Under the category “Romantic/Feel Good,” I selected
Viva Las Vegas
. “Admit it,” I said, “you like to watch Elvis movies when you are feeling bad.”

“This isn't a bad night,” she said as her eyes actually read the FBI warning on the screen and she said, “Did you know when they were filming this, the tabloids obtained the stills from the wedding scene and published them and started the rumor that he and Ann-Margret really got married.”

I knew when Elizabeth was quiet for fifteen minutes (Elvis driving into Vegas with his race car on a trailer), movie flashing on her face, she wanted to enjoy this, and I thought it would make me happy too. All I could think about was Charles.

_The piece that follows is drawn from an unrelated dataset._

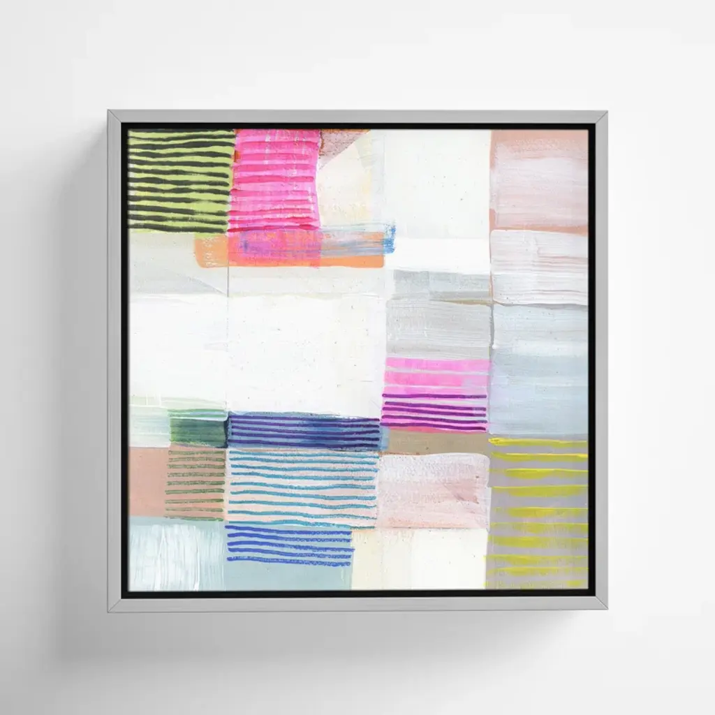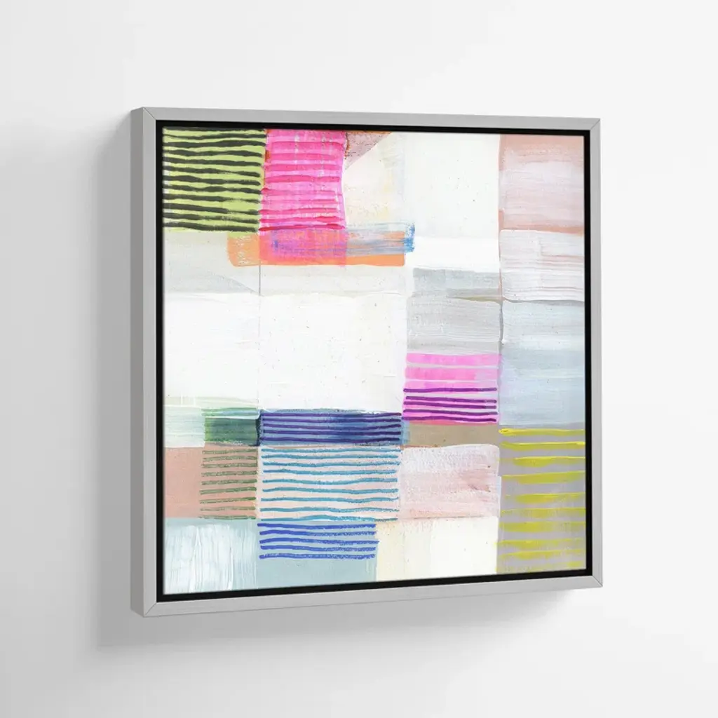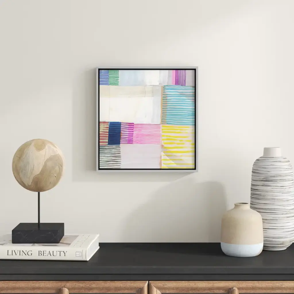 With its array of bright colors and textures, this abstract wall art instantly brightens and enlivens spaces of all styles. Printed on acid-free cotton blend canvas for fade-resistant, long-lasting clarity, this archival fine art giclee print is created with gallery-quality inks. It's gallery-wrapped over FSC-certified pine wood stretcher bars and is accented by a solid wood floater frame. Hand-stretched and made to order in the USA, this wall art even comes with hanging hardware for easy and secure installation, straight out of the box. Plus, it's offered in a wide variety of size and frame color options.

In this movie, Elvis, a singer/race car driver, is after swim instructor Ann-Margret. Every scene is an excuse to sing, the band always ready, but during the first interior shot of the Flamingo Hotel, Elizabeth said, “Look at that mezzanine. They don't make them
like that anymore. He was in love with Ann-Margret, but she was a Hollywood career woman. He wanted a mother figure.”

Elizabeth was a sucker for the American celebrity biography, the more sordid the downfall the better. Every biography proved to her how corrupting her adopted country and success could be. She took pleasure in the spoiling and the spoils and the downfalls of the Kennedys, Marilyn Monroe, Karen Carpenter, and Elvis Presley, and I'm not sure that these stories didn't comfort her, showing the high times, just like her younger life with her father and mother, but then everyone had to suffer the downfall just like hers, a once great business of hotels.

In the movie, Elvis looks out his hotel window and sees Ann-Margret teaching a swimming class to kids. Her red hair reminded me of Ursula's, though Ursula's was deeper, nearly brown. Elvis grabs his guitar and heads down to woo her. She wears a red one-piece with buttons up the front and shuns him, though there is no reason for her to do so—he is handsome, charismatic, seems nice—but I think this was what girls were supposed to do back in 1964. Ann-Margret is beautiful, and she goes into a dressing room to change, and Elvis begins singing as he waits for her. She sings back from inside. Pretty soon they dance around the hotel pool, and everyone is watching them. Everything in a musical is perfect, and for a second I believed in Rusty and Lucky, and that perhaps things back in 1964 were really like this, but then Elizabeth's tragic voiceover began, “He started taking amphetamines in 1958 in the army.” She put her feet on the table.

“You are using
Viva Las Vegas
as a teaching moment?”

“Look at the people there.” She pointed to the background. “Look at those people around the pool and the number of staff serving them. There are too many people in the world today, and everyone has money. Service like that can't be provided to everyone. Everyone expected this treatment back then and we certainly gave it to them.” She clicked her tongue.

“Elizabeth,” I said, my voice lower, not lifting my head off the back of the couch, “how wealthy was your father?”

“He was trained as a banker in New Delhi before he came here. He worked extremely hard for everything he had.”